---------- Listed records

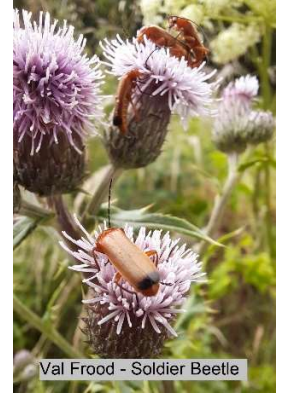
Val Frod - Soldier Beetle
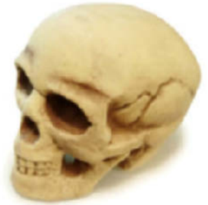
DOWN RIVER DIRTY
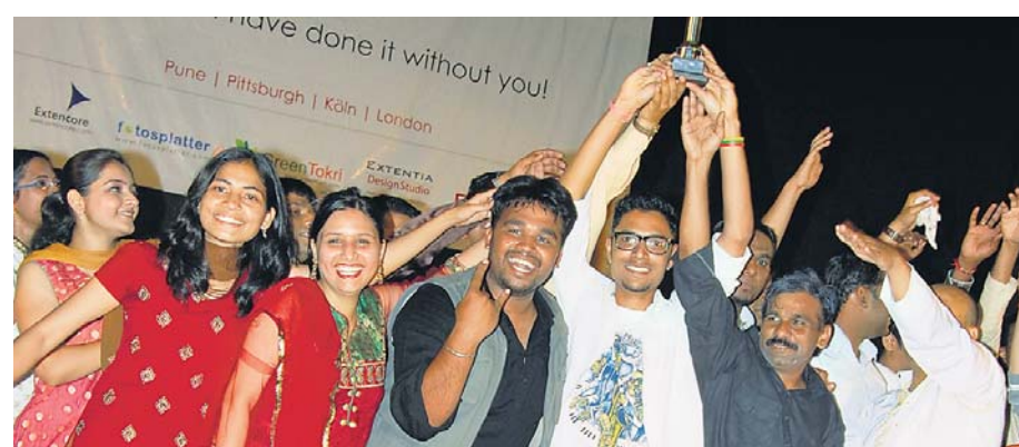
Extentians cheer while receiving the awards
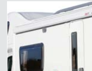
Optional roll-out awning
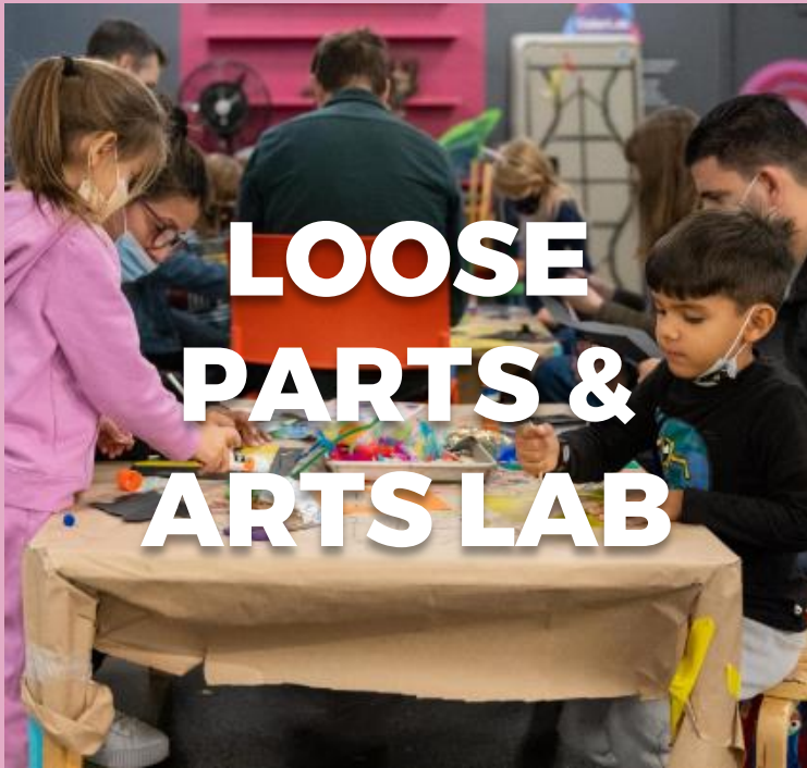
LOOSE PARTS & ARTS LAB
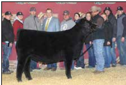
Reserve grand champion female BCR Phyllis 092J
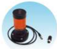
Pass-through Door Switch Module
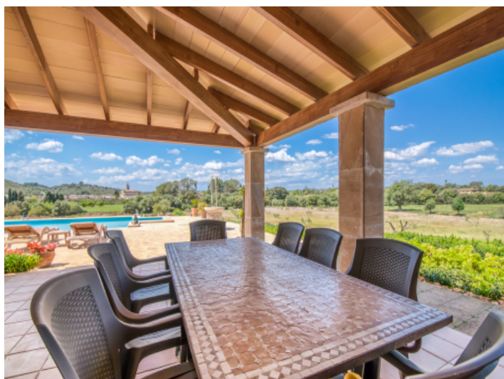
Terrace with wonderful views
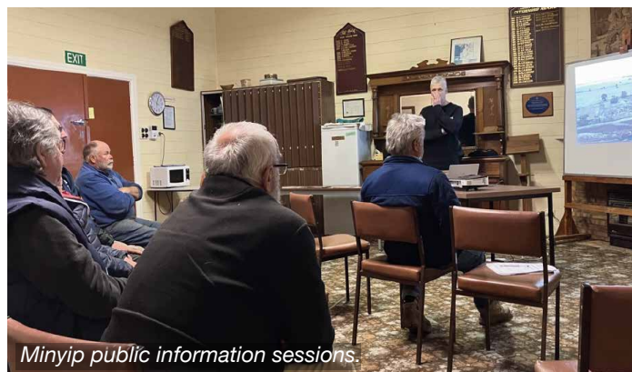
Minyip public information sessions.
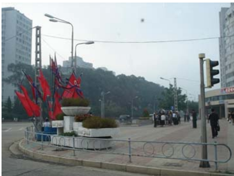
Street scene in Pyongyang

North Korea offers interesting business opportunities in several fields, such as software development, production of computer games, animation and cartoons, data entry en digitization. In order to provide detailed information about the IT opportunities in North Korea, a unique IT Study Tour will take place from 20 – 27 October 2007.
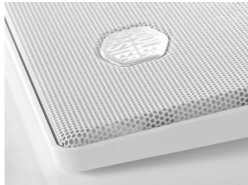
Full Range Mesh

Note: Photos may differ slightly from the final product
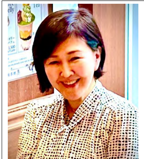
Masumi Fukuda, Japanese investigative journalist
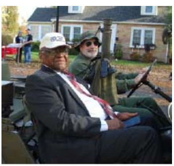
GLININIV I EWIS
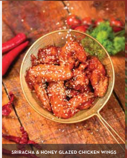
SRIRACHA & HONEY GLAZED CHICKEN WINGS
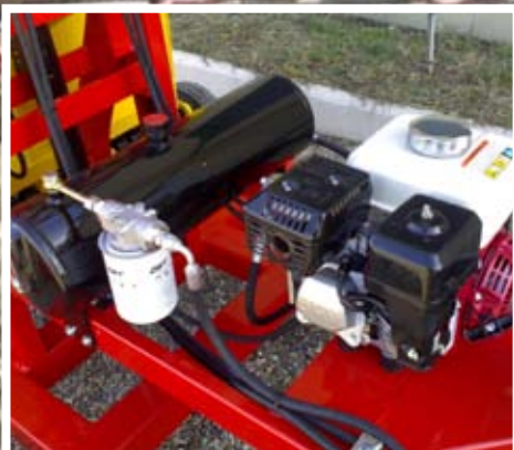
The lift is available with motor feed by petrol or diesel.
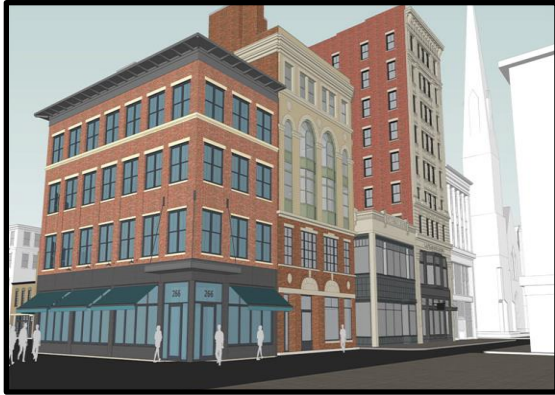
270-290 WESTMINSTER STREET
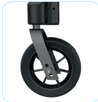
Front wheel options include puncture proof PU in 6", 7" and 8" diameters at multiple positions in the front fork.
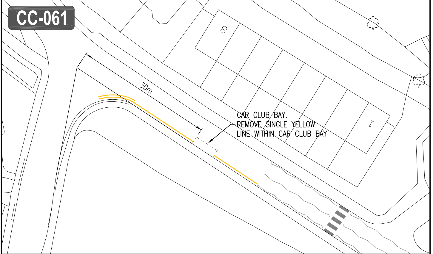
DETAIL PLAN - SCALE 1:500
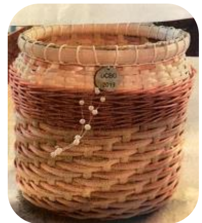
DCBG's 30 th Anniversary Basket
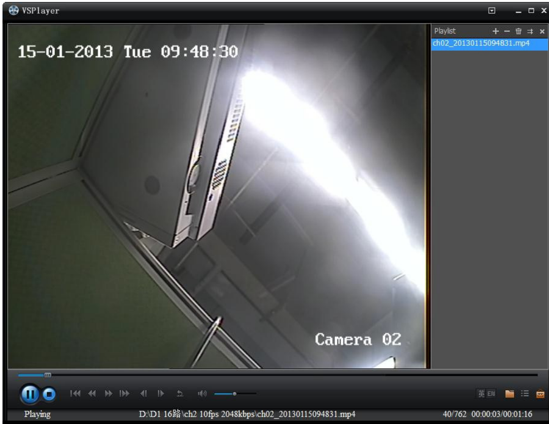
Figure 1, Downloaded Video File

Our watermark information is embedded in the I-frame of the video data. You can see the watermark information via our own VSPlayer.
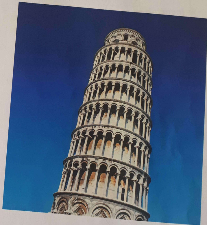
▲ The Leaning Tower of Pisa

Italy is the world's biggest exporter of wine.
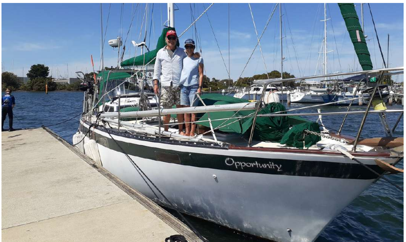
Safe return to Hastings after 6 years of cruising.

We had been looking for our 'perfect' cruising yacht [everything is a compromise in my view] for sometime and stumbled upon Opportunity on Yachthub. She had just completed a 2 year cruise from Canada down the East Coast of America, through the Panama Canal and across the Pacific. Once here the owner packed up, put her on the Market and flew home to Canada, lucky for us he put a very affordable price on the boat so we called the broker, jumped on a plane to Brisbane and the rest is history.
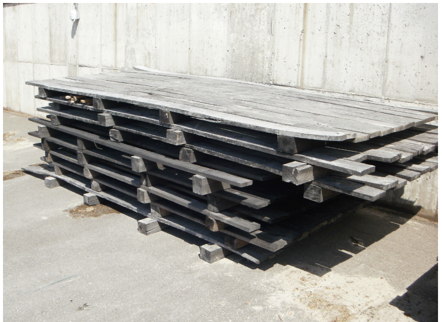
Figure 2. Pile covers fabricated with low-grade lumber fastened to small pallet cants.

Species such as ponderosa pine ( Pinus ponderosa ) and hard maple ( Acer saccharum ) are especially susceptible to darkening of the wood color which can substantially lower the market value of the lumber (Dawson-Andoh et al. 2004, Wagner et al. 2008). Ultraviolet light from the sun is a significant contributor to undesirable changes in lumber color (Kreber 1994). Pooling of water on lumber surfaces from rain or snowmelt can also be a factor in
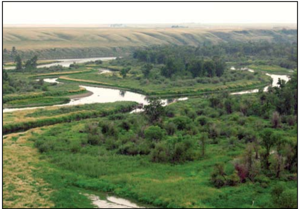
The blue-ribbon section of the Bow River below Calgary (at Carseland). Now dominated by large non-native rainbow and brown trout, this reach once held some of the largest native bull trout and westslope cutthroat trout in the province.

What have been the consequences? Well, on the positive side, Alberta anglers can now catch two additional fine species of trout. Brook trout are extraordinarily colourful fish, are prolific, often spawn successfully in lakes with minimal or no surface outflow or inflow, and are easy to catch. Brown trout can sustain considerable angling pressure (good!),

--------------------

● **Work order**: Restate word for word the lines of the data above that begin at the line with "DCBG's 30 th Anniversary Basket" and end at the line with "Italy is the", keeping both ends and dropping every picture.

● **Completed exercise**:
DCBG's 30 th Anniversary Basket
Figure 1, Downloaded Video File

Our watermark information is embedded in the I-frame of the video data. You can see the watermark information via our own VSPlayer.
▲ The Leaning Tower of Pisa

Italy is the world's biggest exporter of wine.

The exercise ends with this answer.